_Problem to solve_. Once you find the line with "Kreuzanhänger mit Granatsteinen- zarte", output it and every line after it exactly, through the last line of the listing, but no pictures.

=== Section Start ===

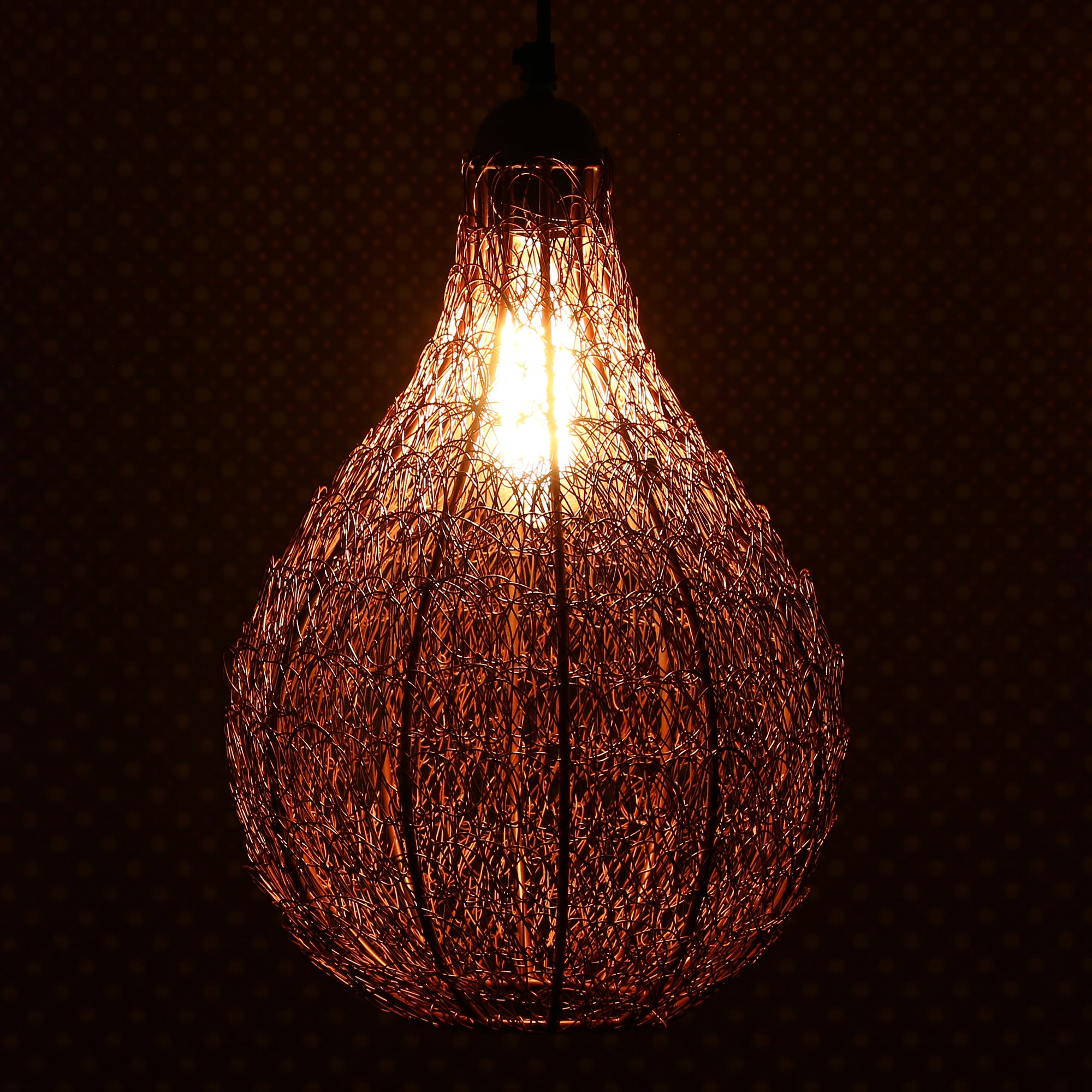 Package Content - One Copper Finish Wire Mesh in Bulb Shape Pendant Light, Ceiling Hanging Lamp for Home/Living Room/Offices/Restaurants
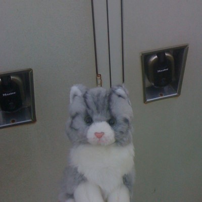 Kitten Buddy visits the locker were the items are safely stored.
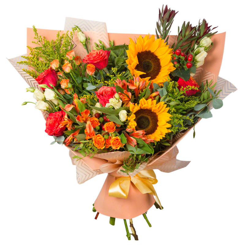 | Состав | Розы, Кустовые розы, Подсолнухи, Эустомы |
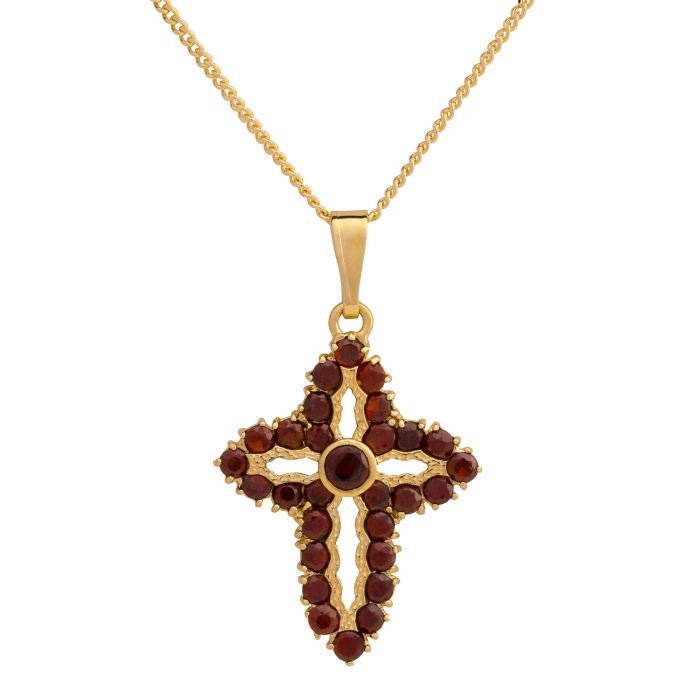 Kreuzanhänger mit Granatsteinen- zarte Flachpanzerkette
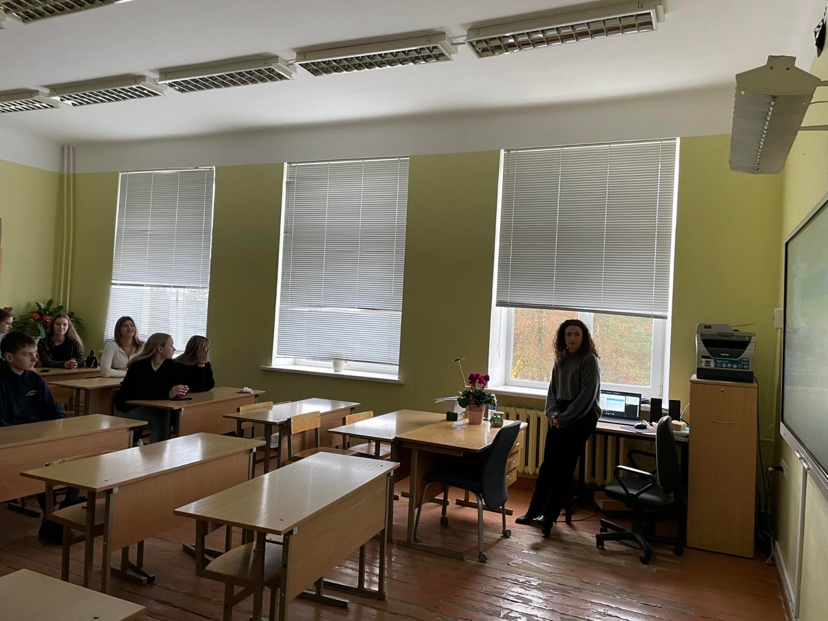 Daug naudingų patarimų, kaip prižiūrėti veido odą, mokiniai išgirdo iš grožio salono „Mademoiselle“, įsikūrusio Šiauliuose, kosmetologės MARTYNOS PAKALNYTĖS-PAUKŠTĖS. Ji papasakojo apie savo specialybę, kur ją galima įgyti, darbo pobūdį. Be to, buvo galima praktiškai išbandyti kosmetikos priemones, stebėti rodomas procedūros, klausytis apie odos priežiūrą.

=== Section End ===

_Output of the task_.
 Kreuzanhänger mit Granatsteinen- zarte Flachpanzerkette
 Daug naudingų patarimų, kaip prižiūrėti veido odą, mokiniai išgirdo iš grožio salono „Mademoiselle“, įsikūrusio Šiauliuose, kosmetologės MARTYNOS PAKALNYTĖS-PAUKŠTĖS. Ji papasakojo apie savo specialybę, kur ją galima įgyti, darbo pobūdį. Be to, buvo galima praktiškai išbandyti kosmetikos priemones, stebėti rodomas procedūros, klausytis apie odos priežiūrą.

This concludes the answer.